メソッドリクエストを編集した場合は、APIをデプロイしないと設定が反映されません。
この設定を入れた上で先ほどと同じようにcurlでAPIを叩くと先ほどとは異なる結果が表示されます。
$ curl -X GET "https://XXXXXXXXX.execute-api.ap-northeast-1.amazonaws.com/dev/"
{"message":"Missing Authentication Token"}%
-vオプションをつけて実行すると詳細な情報が見ることができますが、403エラーとなっていることがわかります。
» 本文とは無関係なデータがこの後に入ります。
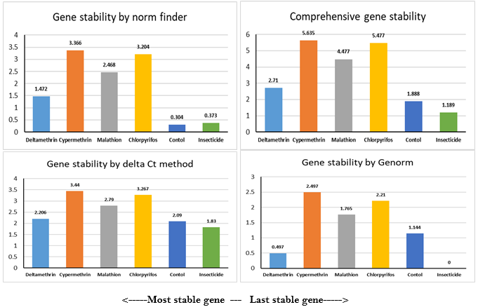 Keywords: Ace1, Acetylcholinesterase, CT values, Gene expression, Pectinophora gossypiella, Real time PCR, Validation of reference genes, ΔΔCT methods.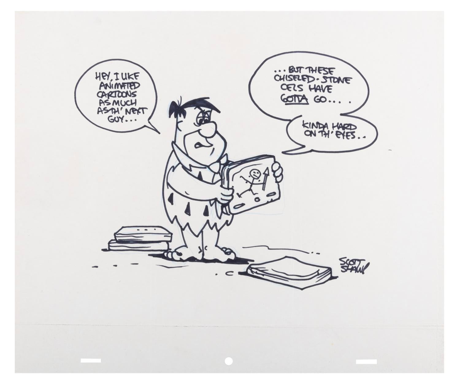 (Shaw, 1980s-90s) A drawing of Fred Flinstone by comic book artist and animator Scott Shaw, signed and illustrated in black ink. Shaw is known for his work at Hanna-Barbera and on Sonic the Hedgehog comic books. Here Shaw gives a humorous take on animation in the “modern Stone Age” world of the Flintstones. With a character size of 5” x 6.75” on 10.5” x 12.5” animation paper, the drawing is in very good condition with a crease from folding 1.5” above the bottom edge that does not affect the image.

$ curl -v -X GET "https://XXXXXXXXX.execute-api.ap-northeast-1.amazonaws.com/dev/"
(中略)
* Request completely sent off
< HTTP/2 403
< date: Sat, 15 Mar 2025 13:55:27 GMT
< content-type: application/json
< content-length: 42
< x-amzn-requestid: 3eeae658-a67f-4671-9cef-018e7098614e
< x-amzn-errortype: MissingAuthenticationTokenException
< x-amz-apigw-id: HeIAfHd9tjMEvPw=
<
* Connection #0 to host XXXXXXXXX.execute-api.ap-northeast-1.amazonaws.com left intact
{"message":"Missing Authentication Token"}%
IAM認証がかかったAPIはSigV4署名が必要
普段、AWS SDKやAWS CLIを利用する時は意識する必要がありませんが、AWS内部のAPIが呼ばれる際にはSigV4による署名が必要になります。
AWS SDK (「サンプルコードとライブラリ」を参照) または AWS Command Line Interface (AWS CLI) ツールを使用して API リクエストを AWS に送信する場合、SDK および CLI クライアントが指定したアクセスキーを使用してリクエストを認証するため、署名プロセスをスキップできます。正当な理由がない限り、常に SDK または CLI を使用することをお勧めします。
https://docs.aws.amazon.com/ja_jp/IAM/latest/UserGuide/reference_sigv.html
curlでAPIを叩く際には下記のようなリクエストになります。
あらかじめ認証情報を取得する必要があります。下記コマンドを実施する場合は、aws configureなどで認証情報をローカルで設定してから実行してください。
--aws-sigv4、--userオプション、X-Amz-Security-Tokenヘッダーが必要です。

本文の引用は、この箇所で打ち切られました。